Era jueves y llegué al aeropuerto de Izmir dos horas antes de mi vuelo. Me tomé un te turco con baklava mientras esperaba a embarcar mi vuelo a Estambul. Delicia.
El cielo estaba casi negro y se notaba un viento frío. Pero nada que me alertase de manera especial. Esa mañana al despertar abrí la puerta de mi balcón que daba al mar egeo. Olía a sal, las nubes formaban bultos que parecían cargados de carbón y el horizonte estaba denso.
Despegamos con normalidad. Pasados 30 minutos empecé a notar turbulencias que no cedían y por momentos aumentaban con los estruendos de una tormenta que parecía perseguir nuestro avión. De repente empezamos a inclinarnos de un lado al otro con contundencia. Mientras flotábamos a la merced del viento. recordaba los cientos de aviones de papel que le hice a mi hija cuando era pequeña. Encendí mi pantalla para mirar el flight tracker. Vi con alivio que quedaban :20 minutos restantes de vuelo.
El avión se continuaba meneando. El resto de pasajeros se notaban intranquilos. Cuando quedaban sólo 4 minutos para aterrizar mi silla empezó a vibrar y a sacudir con una intensidad preocupante. Miré la pantalla y ponía que quedaban :25 minutos de vuelo. Después de un largo rato volví a mirar y otra vez quedaban menos de 5 minutos para aterrizar. Pero nuevamente volví a ver que restaban más de 20.
La ruta en la pantalla no tenía sentido. Parece que entrabamos en bucle. El piloto no decía nada. El avión continuaba zarandeándonos sin piedad. Miré a mi alrededor y había un silencio aterrador. Muchas personas tenían los ojos cerrados. El piloto por fin estableció comunicación y nos dijo que había una tormenta y que no lograríamos aterrizar en ninguno de los dos aeropuertos de Estambul.

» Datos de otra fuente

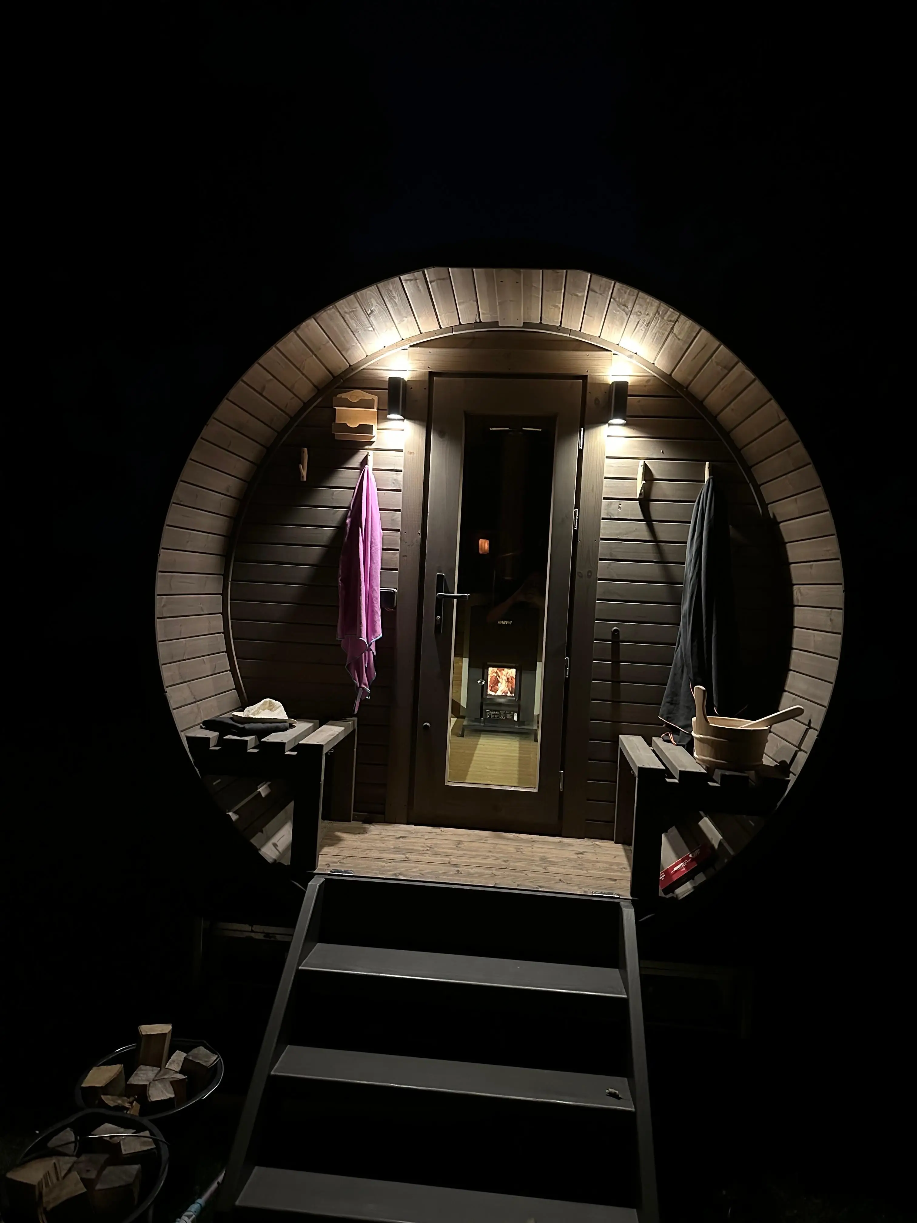 Unsere Saunen haben Holzöfen mit Sichtfenster – Holz wird mitgeliefert.
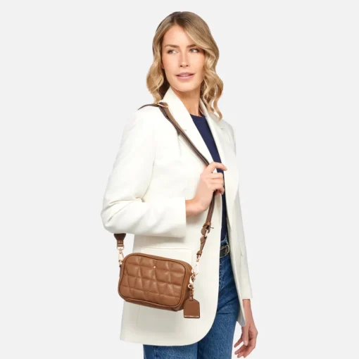 Praktische Damen-Umhängetasche mit modernem Design, um die Stadt mit freien Händen durchstreifen zu können. Das Modell aus weichem Walkleder mit besonderer, gesteppter Verarbeitung wird hier in einer warmen Farbvariante in Schlamm präsentiert. Narcisia ist kompakt und absolut funktional, ein schlichtes Accessoire für die Alltagsgarderobe, das jeden Look mit einer eleganten Note ergänzt.
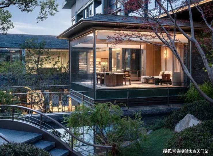 再往里走就是近460㎡的下沉式庭院 , 精选太行山金景石堆叠成小山丘,引进溪水汇聚成池塘,并移栽岭南珍贵的古桩铁冬青和中华原生乌桕树,形成一幅立体山水画卷。
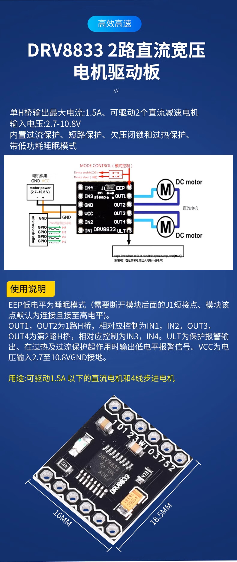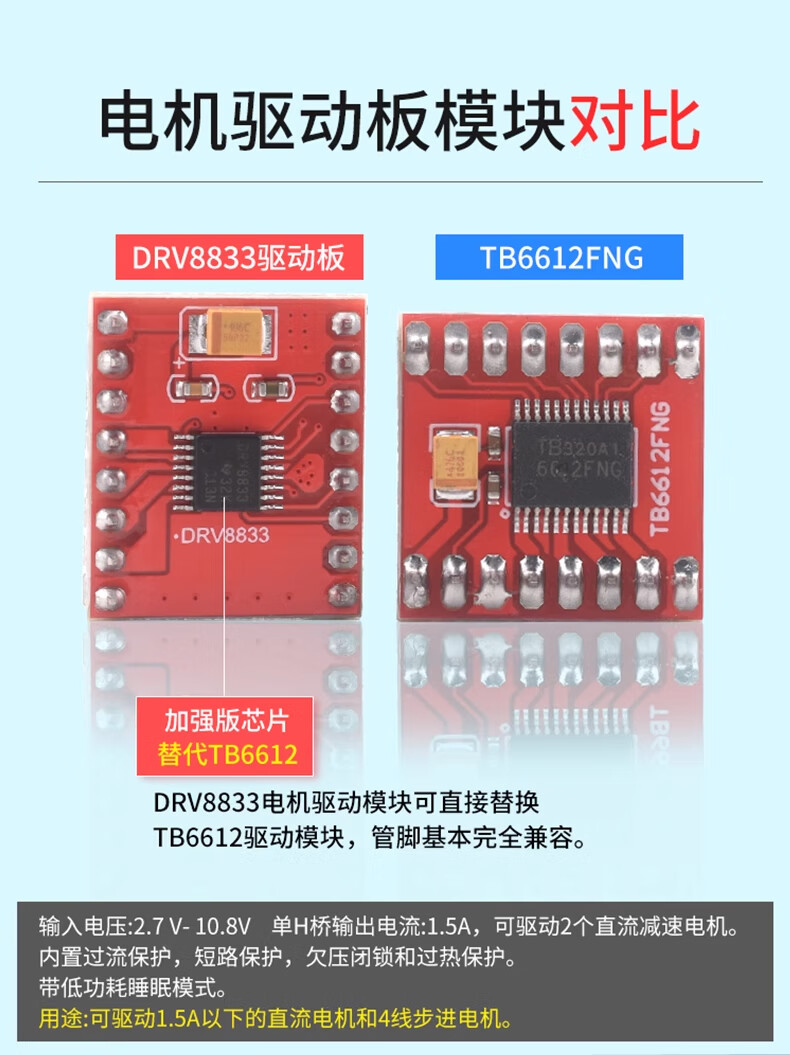 DZQJ TB6612FNG motor driver board module L298N DC motor driver module DRV8833 motor driver DRV8833 driver board (replaces TB6612) welded
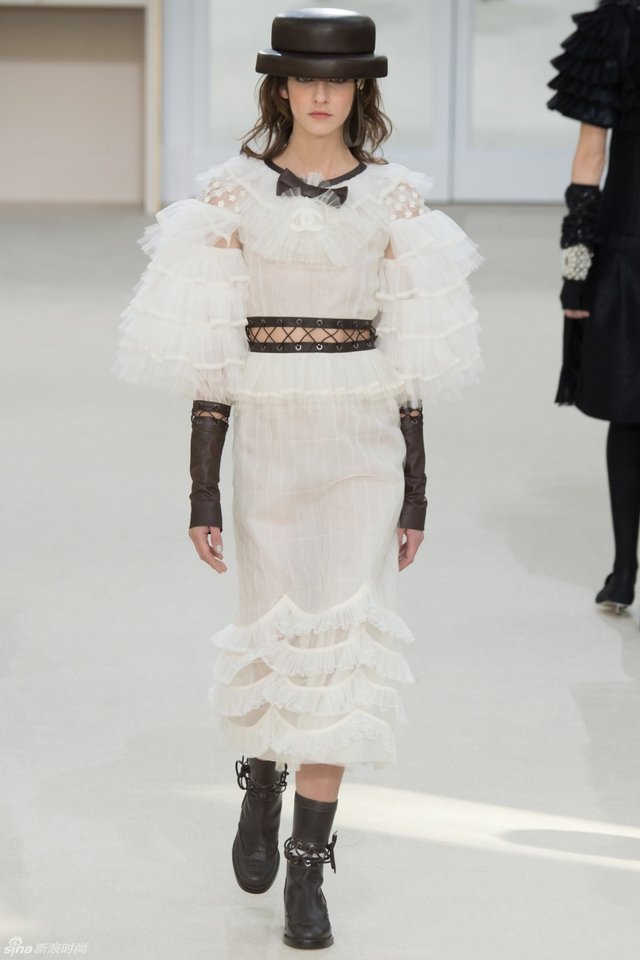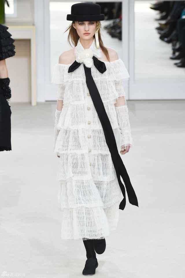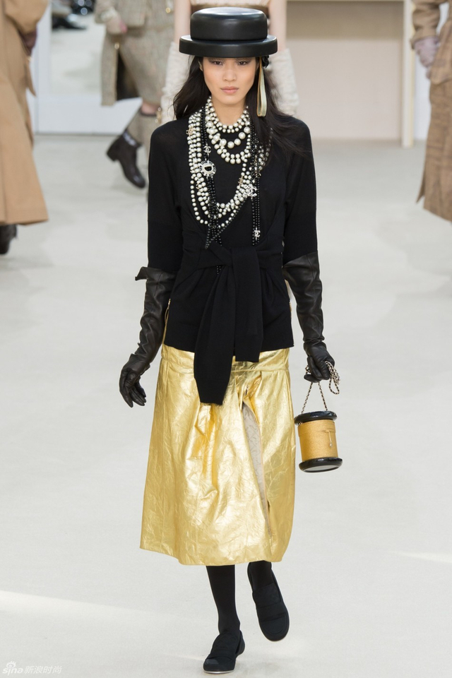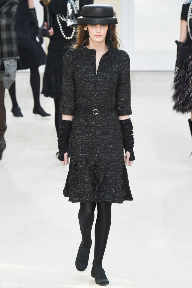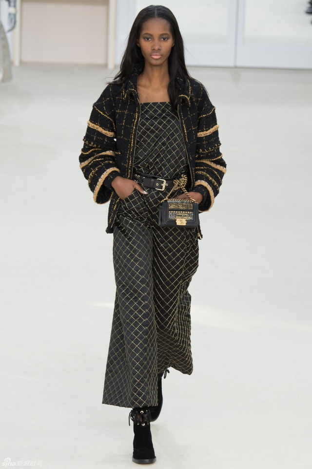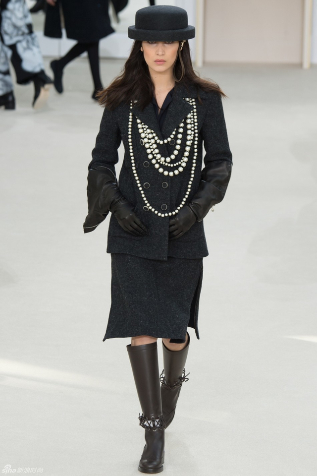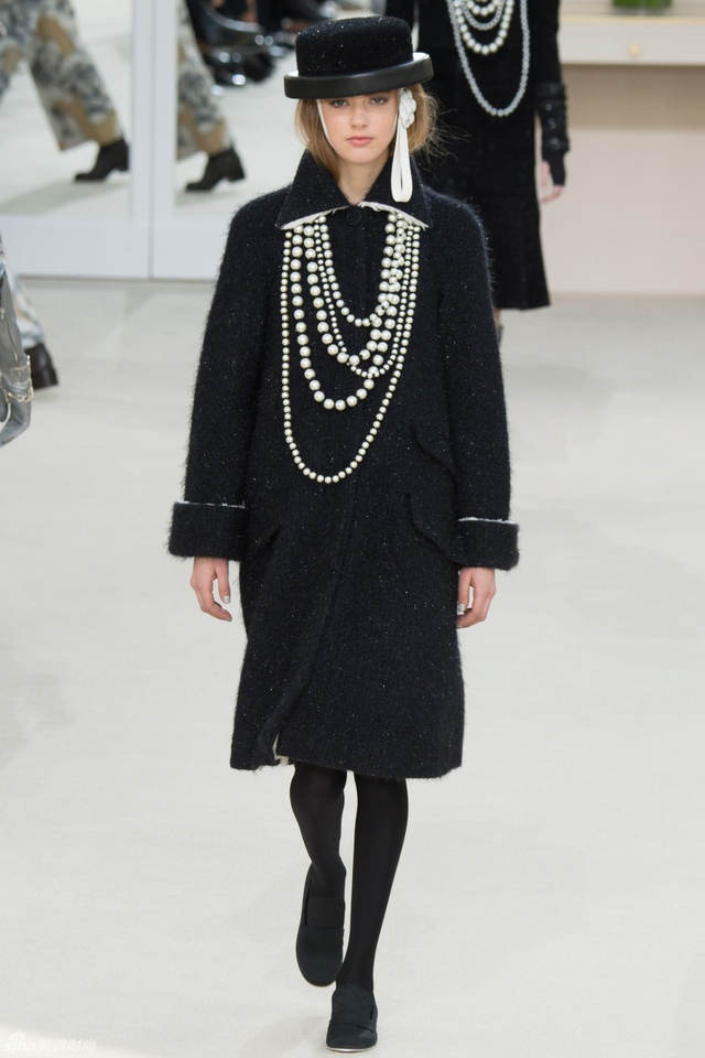 16/94 斜纹软呢的休闲夹克搭配圆顶的礼帽,Chanel小姐的形象勾勒出了一个年轻的形象。经典的格纹和折线纹装饰,让套装散发出了古典的味道,装饰性极强的珍珠项链,Chanel女士挚爱的单品到了新世纪也不乏时尚感。

Al rato el piloto nos explicó que procederíamos a desviarnos a la ciudad de Bursa. Entre tanto, ya había empezado el coro de gente vomitando y se oía algún que otro sollozo entre la vibración del avión por un viento que luego descubrí en las noticas alcanzó los 130km/hora. Cerré los ojos y me agarré de la silla del frente. Oí un estruendo que me forzó a abrir los ojos. Noté que mis dedos estaban agarrotados de sostener la silla con tanta fuerza. Me ardían los ojos. Descubrí que había llorado tanto que se mezclaba mi crema de cara con las lagrimas y la combinación quemaba mis ojos.
Logré recordar las palabras de David Hawkins: "nuestras reacciones, también el miedo y el pánico, son una elección..." Entonces tuve un pensamiento que me situó para poder componerme y aceptar el resultado de esta experiencia con plenitud y gratitud: ¡mi hija ha cumplido su primer ciclo de 7 años de vida! He logrado criar a Alexandra Caro Nita hasta los 8 años. Que regalo más estupendo. Mi nena tiene una muy buena base para afrontar la vida. Está rodeada de gente que le quiere. Su padre le adora y si crece a su lado, Alexandra será la que cría al padre. Que experiencia más enriquecedora para ella. Que suerte de vida.
Me sentí liberada. Plena. Preparada para morir si era lo que tocaba. Afortunadamente aterrizamos en Bursa y las 3 horas que tuvimos que esperar dentro del avión con el olor a vomito mientras que los servicios de emergencia atendían a otros pasajeros que necesitaban cuidados médicos me supieron a gloria.
Mientras repostaban combustible el piloto nos explicó que volveríamos a despegar e "intentaríamos" otra vez el aterrizaje en Estambul. Claro, lo normal es que te avisen que aterrizarás en tu destino.. no que se hará un "intento" de aterrizar. Me entró la risa. Nos reímos varios.
De normal el vuelo de Izmir a Estambul tarda una hora. Llegamos a Estambul cinco horas después de despegar de Izmir y al bajar del avión me hice una nota mental de no dar por hecho algo tan importante como poder pisar tierra firme.